As to other stuff mentioned on this thread, I'm glad Vorkosigan gets alot of interest. The later books are better than the earlier ones (I find The Warriors Apprentice far fetched and I cannot suspend disbelief), but its all good stonking stuff.
Also mentioned is Peter F Hamilton Night's Dawn Trilogy. You should also check out Fallen Dragon (very Heinleinesque military adventure) and Pandora's Star (I think a little inspired by The Mote in God's Eye). His earlier Greg Mandel novels are worth a look too (they're set mid-21st century and feature psionics and some well paced action).
Alistair Reynolds (Revelation Space, Redemption Ark, Absolution Gap, Chasm City) is great. Good aliens, convincing post-humans, hyper-pigs, and a lovely noir atmosphere.
Kim Stanley Robinson's Mars trilogy is the definitive account of an alien planet and the steps required to survive on it. Also some clever political and economic speculation.
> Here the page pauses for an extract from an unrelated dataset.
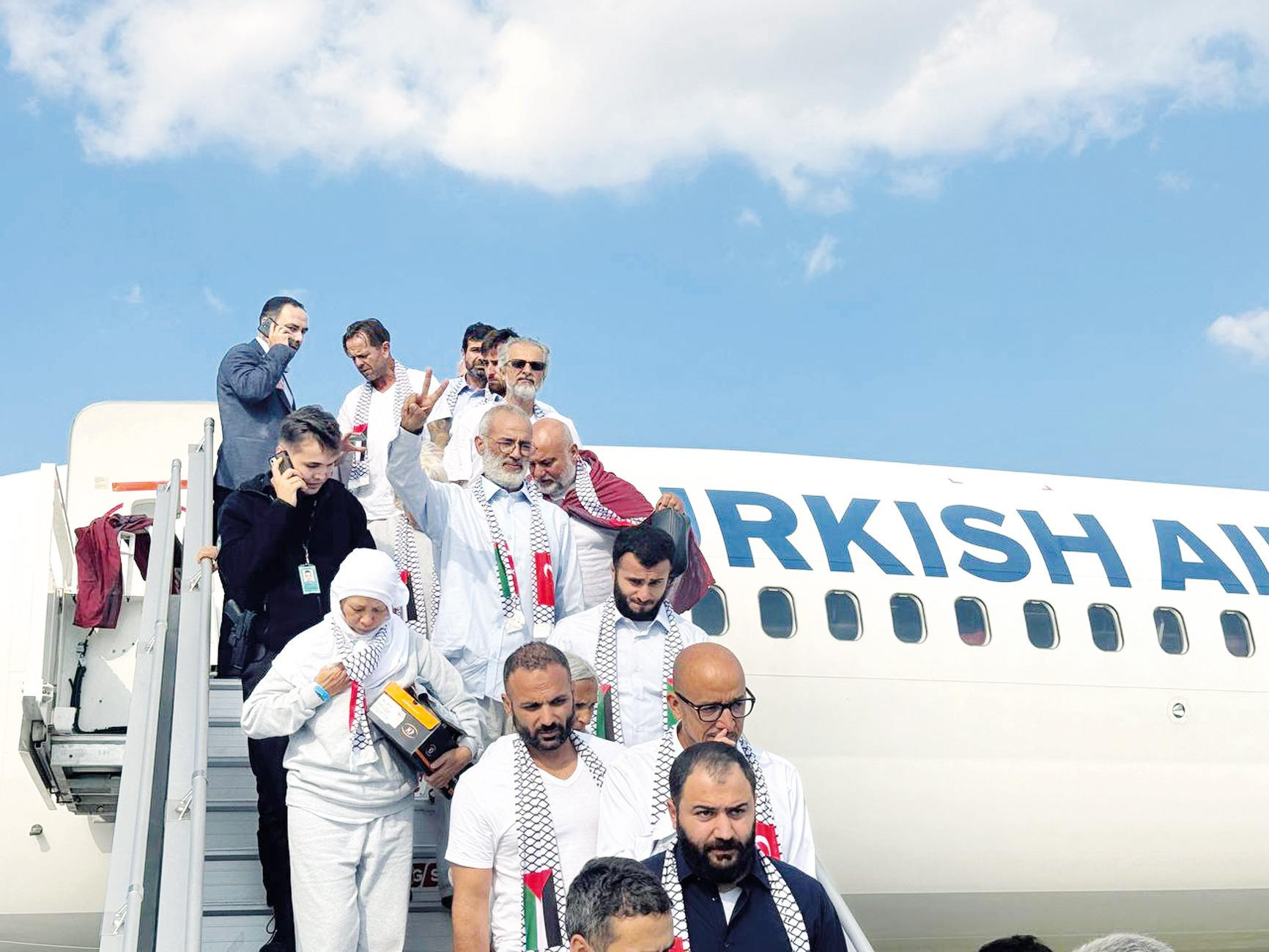 SUMUD Filosu’nun ardından Gazze’ye yardım için yola çıkan, Vicdan’ın amiral gemisi olduğu Özgürlük Filosu, İsrail tarafından uluslararası sularda engellenmişti. İsrail’in alıkoyduğu filodaki aktivistlerin tahliyesi için Ürdün’den özel seferle havalanan THY uçağı, dün İstanbul Havalimanı’na ulaştı. Özgürlük Filosu Koalisyonu’na ait teknelerde yer alan 18’i Türk, 76’sı yabancı uyruklu toplam 94 aktivist, İstanbul Havalimanı VIP Salonu’nda aileleri, bazı yetkililer ve çok sayıda vatandaş tarafından karşılandı. Apronda, TBMM Türkiye-Filistin Parlamentolar Arası Dostluk Grubu Başkanı ve AK Parti İstanbul Milletvekili Hasan Turan, AK Parti İstanbul İl Başkanı Abdullah Özdemir ve THY yetkilileri tarafından çiçeklerle karşılanan aktivistler, otobüsle havalimanı önüne götürüldü.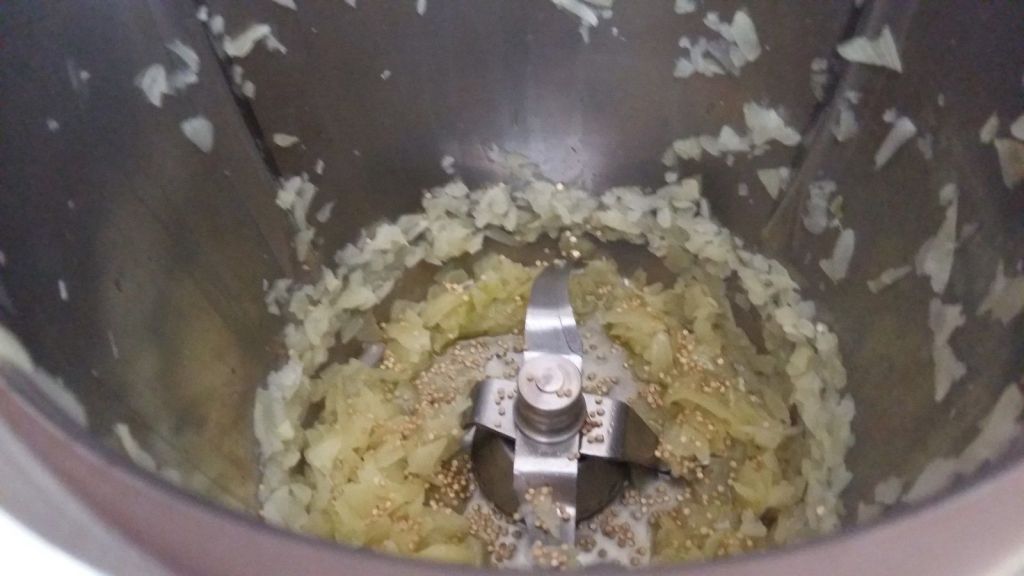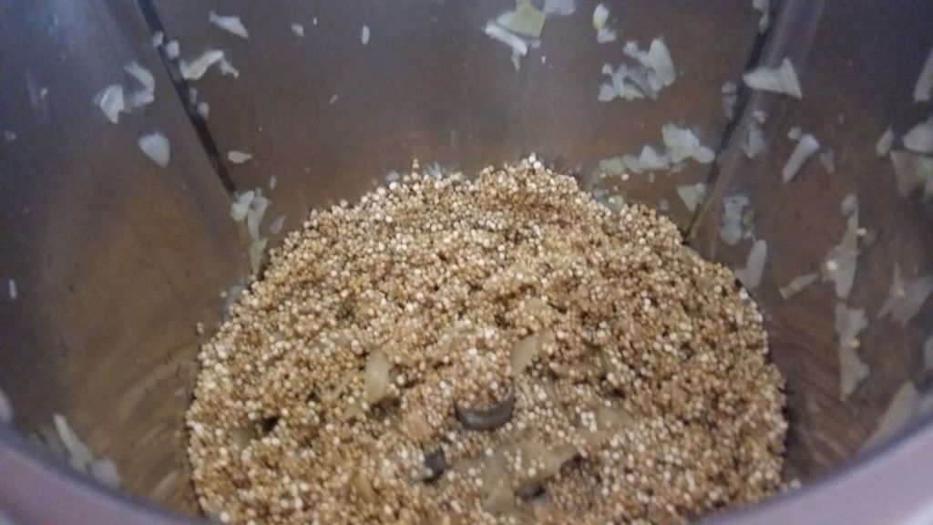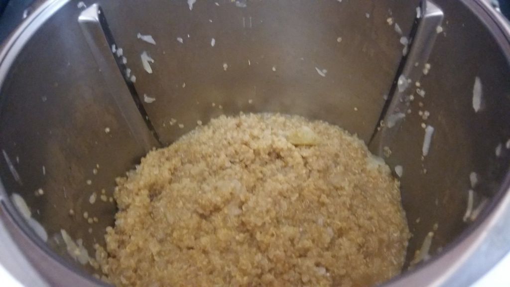 - Ajouter le quinoa bien égoutté, faire chauffer 3 min/100°C/ couteau inversé /vitesse 1, sans le gobelet.

Have to mention Richard Morgan who I've just discovered. Altered Carbon is a great future detective noir with some incredibly brutal ultraviolence and an intersting conceit: FTL travel is possible by digitising yourself and 'needlecasting' into a new 'sleeve' (body) on a different world. Your personality is stored in a tiny 'stack' and as long as this is intact you can be re-sleeved over and over. The protagonist is a super-warrior/diplomat (by mental training) whose main weapon seems to be body language. The loose sequel Broken Angels could almost be a Traveller novel, as a black ops artefact hunt on a mercenary saturated war-torn planet find a relic of the 'Martians'(read Ancients: they look almost identical to Droyne, winged reptiles; first discovered on Mars, hence the name). It also features some of the most brutal and ruthless 'executive actions' I have ever read.
quote:
"You aren't developing moral qualms are you Kovacs?"
"Don't be absurd, Hand. I'm a soldier."